▶ ASSIGNMENT
Using the listing below, reproduce exactly the lines from the one with "鹏程 24款300克抽条毛毯高克重法莱绒牛奶绒贝贝绒毛毯 米白条" through the last, with all pictures left out.

▶ RECORDS PROVIDED
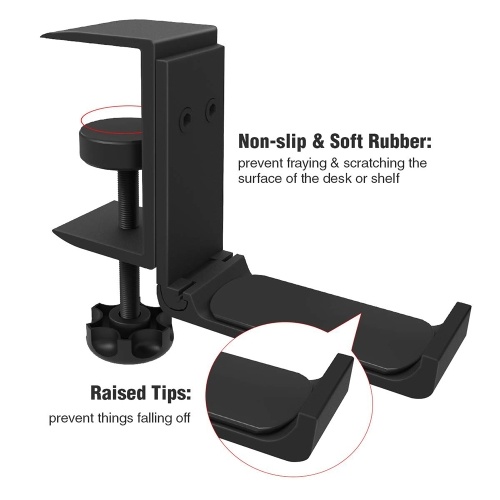 Wide Applications: the arm of the headphone holder is long and wide enough to hold any size headphones, and other items like umbrella, backpack, handbag, shopping bag, etc.
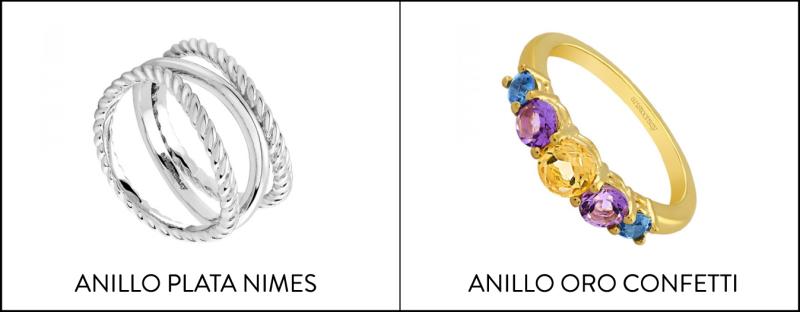 Una de ellas es Nimes, con tendencias de líneas simples y orgánicas, inspirada en tejidos deshilachados de las prendas distressed denim, como los blue jeans con hoyos y tajos. Esta tendencia es para personas que prefieren líneas minimalistas, donde la joya pasa a ser un complemento y no protagonista, pero obviamente, ayuda a conseguir un estilo mucho más interesante, especialmente cuando el outfit es colorido, por ejemplo. En esta colección se destacan la nobleza de los metales, las líneas delgadas y curvas, ausencia de piedras y colores, con opciones con baño de oro de 18 quilates y baño de rodio, logrando un acabado color plata mucho más duradero y brillante.
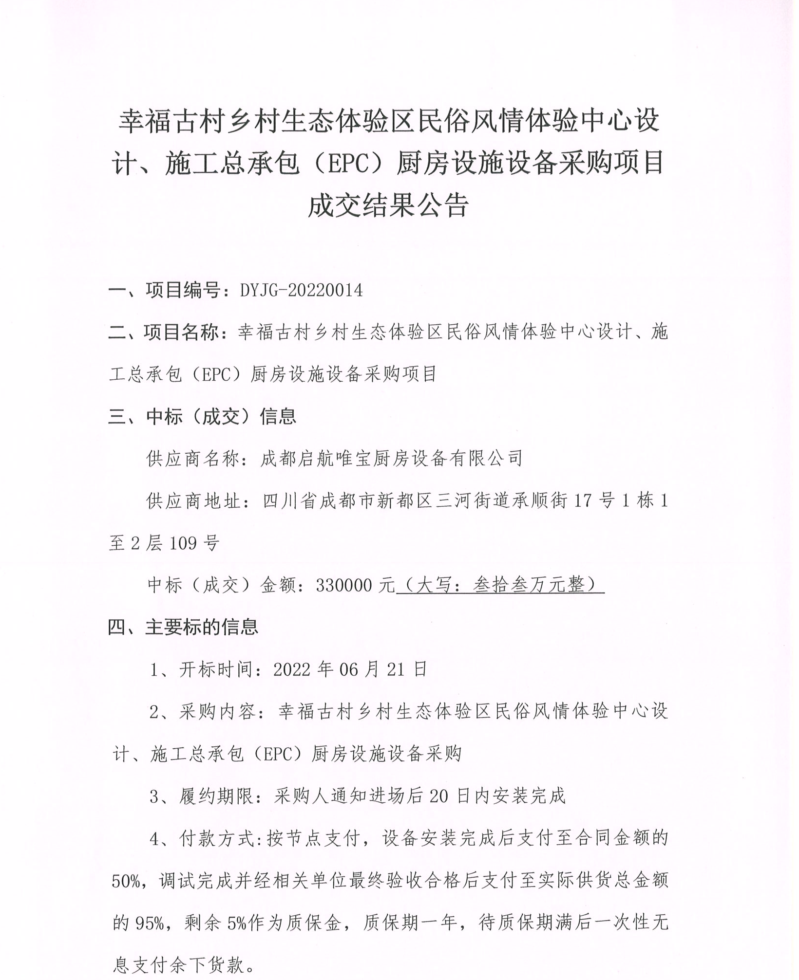 幸福古村鄉(xiāng)村生態(tài)體驗(yàn)區(qū)民俗風(fēng)情體驗(yàn)中心設(shè)計(jì)、施工總承包(EPC)廚房設(shè)施設(shè)備采購項(xiàng)目成交結(jié)果公告
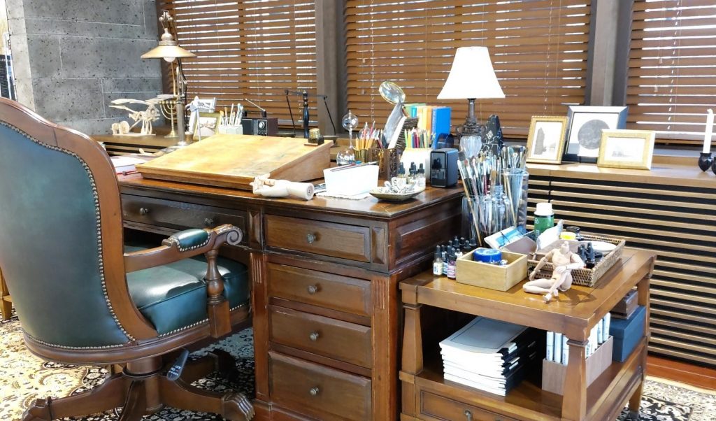 木製のトレス台、窓際の燭台やオブジェもドラマで使用したものだそう
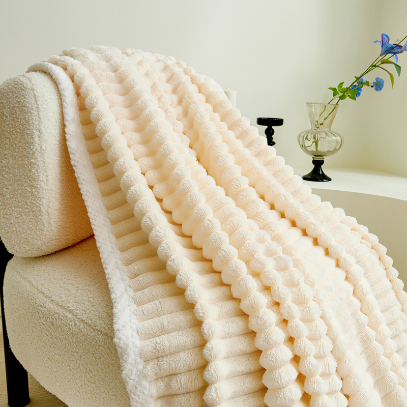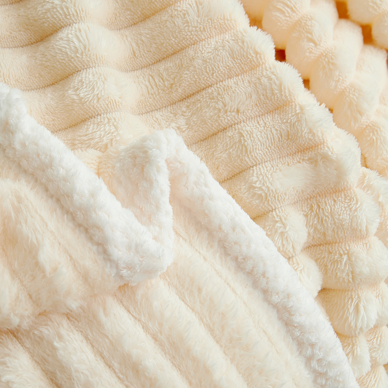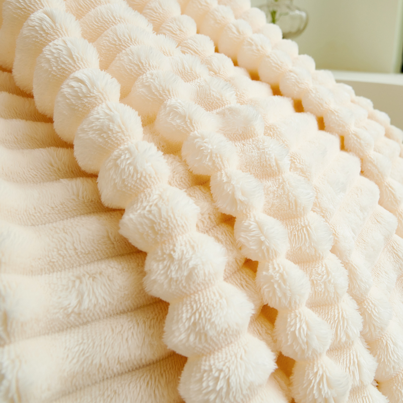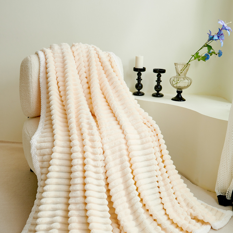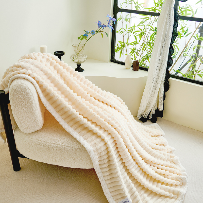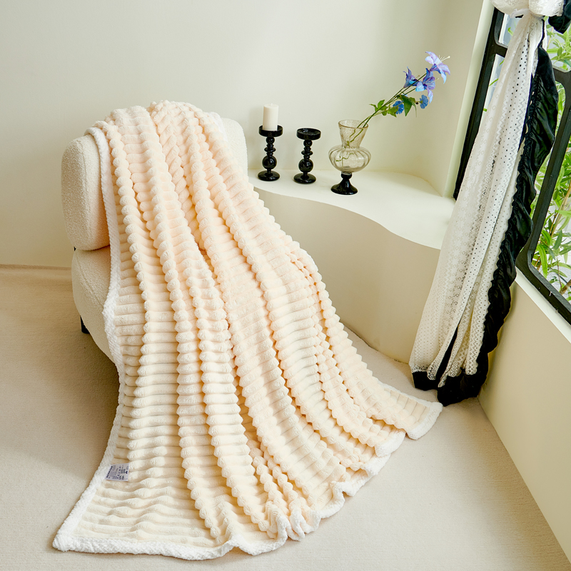鹏程 24款300克抽条毛毯高克重法莱绒牛奶绒贝贝绒毛毯 米白条
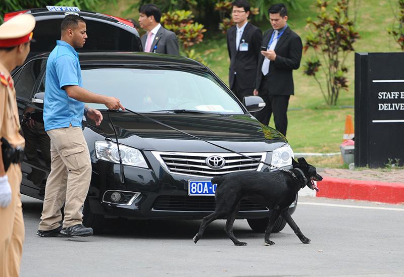 Chiều 22/5, rất nhiều chó nghiệp vụ Mỹ được đưa đến sân bay Nội Bài trước khi chuyên cơ chở Tổng thống hạ cánh. Nhiệm vụ của chúng là kiểm tra an ninh quanh khu vực sân bay, kiểm tra máy móc, thiết bị của các phóng viên đến tác nghiệp.
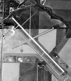 During wartime the airport had four compacted soil runways: aligned N/S, NE/SW, E/W, and NW/SE, all about 2,800' long, with NE/SW 3,600' long. The former NW/SE runway is now paved and used as the main runway; the others are still visible in aerial photography. Training ended on 29 August 1943 due to shortage of equipment. The glider training mission was taken over by I Troop Carrier Command, and the airport was used as an auxiliary airfield until the end of the war. It was returned to civil control in September 1945.

▶ TASK RESPONSE
鹏程 24款300克抽条毛毯高克重法莱绒牛奶绒贝贝绒毛毯 米白条
 Chiều 22/5, rất nhiều chó nghiệp vụ Mỹ được đưa đến sân bay Nội Bài trước khi chuyên cơ chở Tổng thống hạ cánh. Nhiệm vụ của chúng là kiểm tra an ninh quanh khu vực sân bay, kiểm tra máy móc, thiết bị của các phóng viên đến tác nghiệp.
 During wartime the airport had four compacted soil runways: aligned N/S, NE/SW, E/W, and NW/SE, all about 2,800' long, with NE/SW 3,600' long. The former NW/SE runway is now paved and used as the main runway; the others are still visible in aerial photography. Training ended on 29 August 1943 due to shortage of equipment. The glider training mission was taken over by I Troop Carrier Command, and the airport was used as an auxiliary airfield until the end of the war. It was returned to civil control in September 1945.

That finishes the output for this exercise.